### HOW TO COMPLETE THIS TASK
Please transcribe the data below in full. Omit any picture you find in it.

*** Opening of DATASET SECTION ***

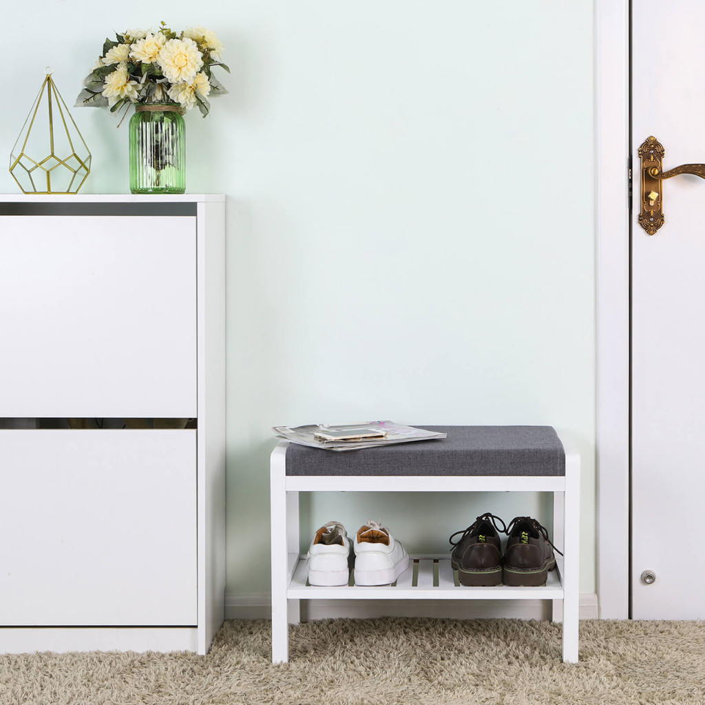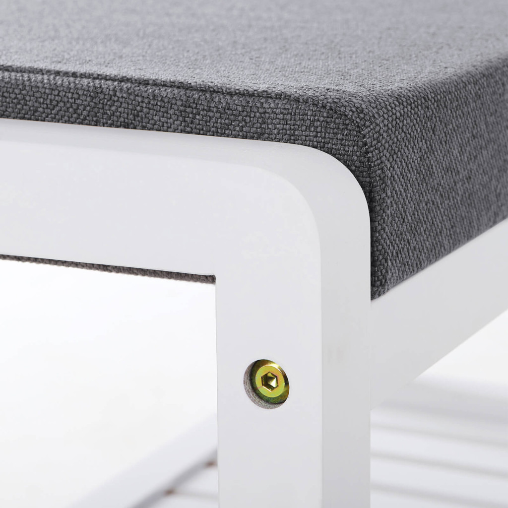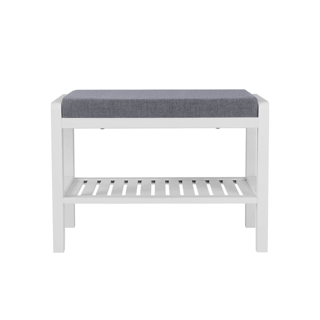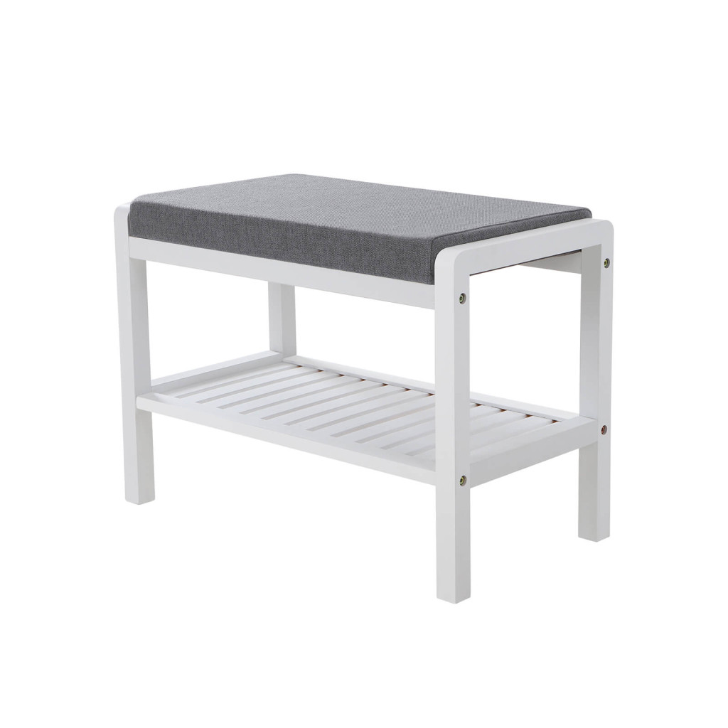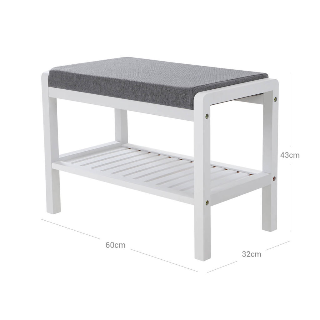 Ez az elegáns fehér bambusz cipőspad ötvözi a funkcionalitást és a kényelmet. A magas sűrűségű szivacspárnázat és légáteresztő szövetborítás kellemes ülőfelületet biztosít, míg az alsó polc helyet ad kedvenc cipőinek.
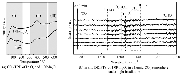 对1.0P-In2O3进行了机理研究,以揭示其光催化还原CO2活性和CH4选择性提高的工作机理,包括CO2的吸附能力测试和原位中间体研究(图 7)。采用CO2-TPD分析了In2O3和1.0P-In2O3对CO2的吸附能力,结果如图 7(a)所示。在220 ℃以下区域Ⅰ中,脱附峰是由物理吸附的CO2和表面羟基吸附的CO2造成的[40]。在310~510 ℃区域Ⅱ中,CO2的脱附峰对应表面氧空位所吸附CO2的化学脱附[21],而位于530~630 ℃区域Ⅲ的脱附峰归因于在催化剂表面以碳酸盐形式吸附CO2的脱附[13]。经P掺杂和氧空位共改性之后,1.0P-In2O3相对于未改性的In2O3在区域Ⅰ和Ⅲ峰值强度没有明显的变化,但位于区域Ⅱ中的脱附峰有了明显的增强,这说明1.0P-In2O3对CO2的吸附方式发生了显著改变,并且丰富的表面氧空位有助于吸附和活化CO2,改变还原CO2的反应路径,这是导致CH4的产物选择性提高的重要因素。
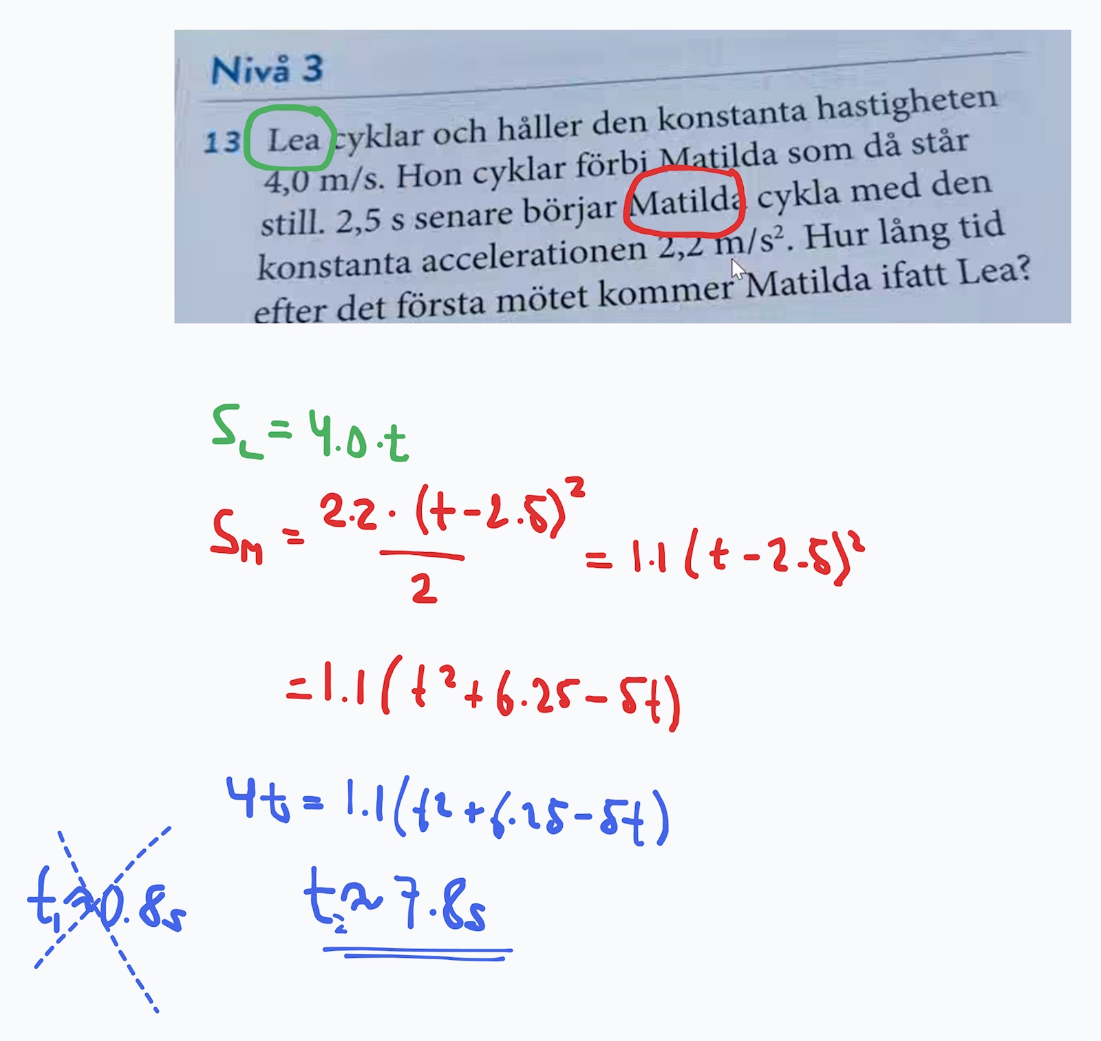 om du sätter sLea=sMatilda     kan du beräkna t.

*** Close of DATASET SECTION ***

### TASK OUTPUT
 Ez az elegáns fehér bambusz cipőspad ötvözi a funkcionalitást és a kényelmet. A magas sűrűségű szivacspárnázat és légáteresztő szövetborítás kellemes ülőfelületet biztosít, míg az alsó polc helyet ad kedvenc cipőinek.
 对1.0P-In2O3进行了机理研究,以揭示其光催化还原CO2活性和CH4选择性提高的工作机理,包括CO2的吸附能力测试和原位中间体研究(图 7)。采用CO2-TPD分析了In2O3和1.0P-In2O3对CO2的吸附能力,结果如图 7(a)所示。在220 ℃以下区域Ⅰ中,脱附峰是由物理吸附的CO2和表面羟基吸附的CO2造成的[40]。在310~510 ℃区域Ⅱ中,CO2的脱附峰对应表面氧空位所吸附CO2的化学脱附[21],而位于530~630 ℃区域Ⅲ的脱附峰归因于在催化剂表面以碳酸盐形式吸附CO2的脱附[13]。经P掺杂和氧空位共改性之后,1.0P-In2O3相对于未改性的In2O3在区域Ⅰ和Ⅲ峰值强度没有明显的变化,但位于区域Ⅱ中的脱附峰有了明显的增强,这说明1.0P-In2O3对CO2的吸附方式发生了显著改变,并且丰富的表面氧空位有助于吸附和活化CO2,改变还原CO2的反应路径,这是导致CH4的产物选择性提高的重要因素。
 om du sätter sLea=sMatilda     kan du beräkna t.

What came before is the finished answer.